30. The method of claim 27, wherein the image data is acquired by a plurality of camera sets; the indication information of the camera groups further comprises presentation time indication information of each camera group respectively;

the decoding and displaying of the image data according to the indication information of the camera group further comprises:

And sequentially decoding and displaying the image data corresponding to the corresponding camera group in the image data according to the presentation time indication information of each camera group.

31. A method of data processing of an immersion medium, comprising:

acquiring image data acquired by one or more camera groups, and encoding the image data into a free view video;

adding presentation indication information for the freeview video according to the application form of the freeview video; the display indication information of the free view video comprises indication information of the camera group;

and packaging the freeview video and presentation indication information of the freeview video into a media file of the immersion media.

32. The method of claim 31, wherein the method further comprises:

slicing the media file to obtain a plurality of media fragments; the method comprises the steps of,

and generating a transmission signaling file of the immersion medium, wherein the transmission signaling file contains descriptive information corresponding to presentation indication information of the free view video.

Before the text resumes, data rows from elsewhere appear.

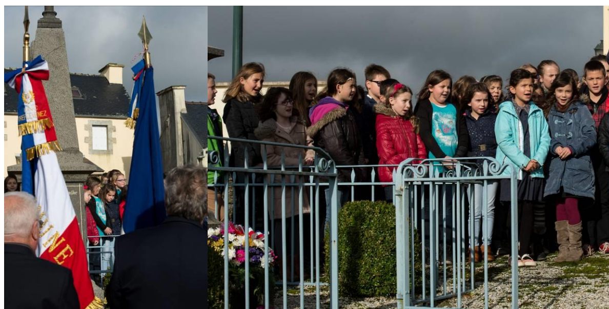
Le 8 novembre 2015 à Tréflévénez : Commémoration de l'Armistice du 11 novembre 1918 avec animation des enfants des écoles de La Martyre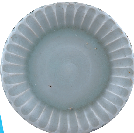
龙泉窑青釉菊瓣纹碟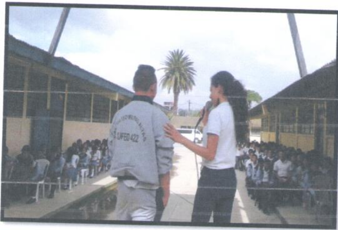
Municipio Antigua Guatemala, Departamento Sacatepéquez. Jornada Vespertina. NUFED No. 422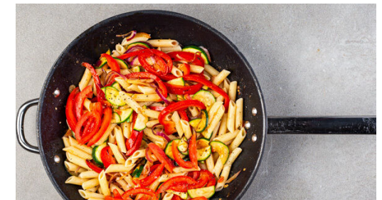
6. Pasta fertigstellen

Das Fleisch in einer großen Pfanne bei starker Hitze ca. 2Min. scharf anbraten, aus der Pfanne nehmen und beiseitestellen. Die Paprika , die Zucchini , die Zwiebeln und den Knoblauch in derselben Pfanne mit 1EL Olivenöl bei mittlerer Hitze 2-3Min. anbraten.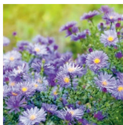
Bergastern Juli bis September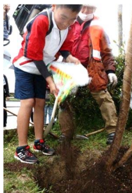
根巻きしたジャカラングの根元に 有機培養土を入れる

33. A data processing apparatus of an immersion medium, the data processing apparatus of an immersion medium comprising:

An acquisition unit, configured to acquire a media file of an immersion medium, where the media file includes presentation indication information of a freeview video, and the freeview video is generated based on image data acquired by one or more camera groups; the display indication information of the free view video comprises indication information of the camera group;

and the processing unit is used for displaying the freeview video according to the presentation indication information of the freeview video.

34. A data processing apparatus of an immersion medium, the data processing apparatus of an immersion medium comprising:

the acquisition unit is used for acquiring image data acquired by one or more camera groups and encoding the image data into a free view video;

the processing unit is used for adding presentation indication information for the freeview video according to the application form of the freeview video; the display indication information of the free view video comprises indication information of the camera group; and a media file for encapsulating the freeview video and presentation indication information of the freeview video into an immersion media.

35. A computer device, comprising: a memory device and a processor;

A memory in which a computer program is stored;

a processor for loading the computer program to implement the data processing method of the immersion medium of any one of claims 1-30; alternatively, a data processing method for loading the computer program to implement the immersion medium of claim 31 or 32.

36. A computer readable storage medium, characterized in that the computer readable storage medium stores a computer program adapted to be loaded by a processor and to perform the data processing method of the immersion medium of any one of claims 1-30; alternatively, a data processing method of an immersion medium according to claim 31 or 32 is loaded and executed.

37. A computer program product, characterized in that the computer program product comprises a computer program adapted to be loaded by a processor and to perform the data processing method of an immersion medium according to any one of claims 1-30; alternatively, a data processing method of an immersion medium according to claim 31 or 32 is loaded and executed.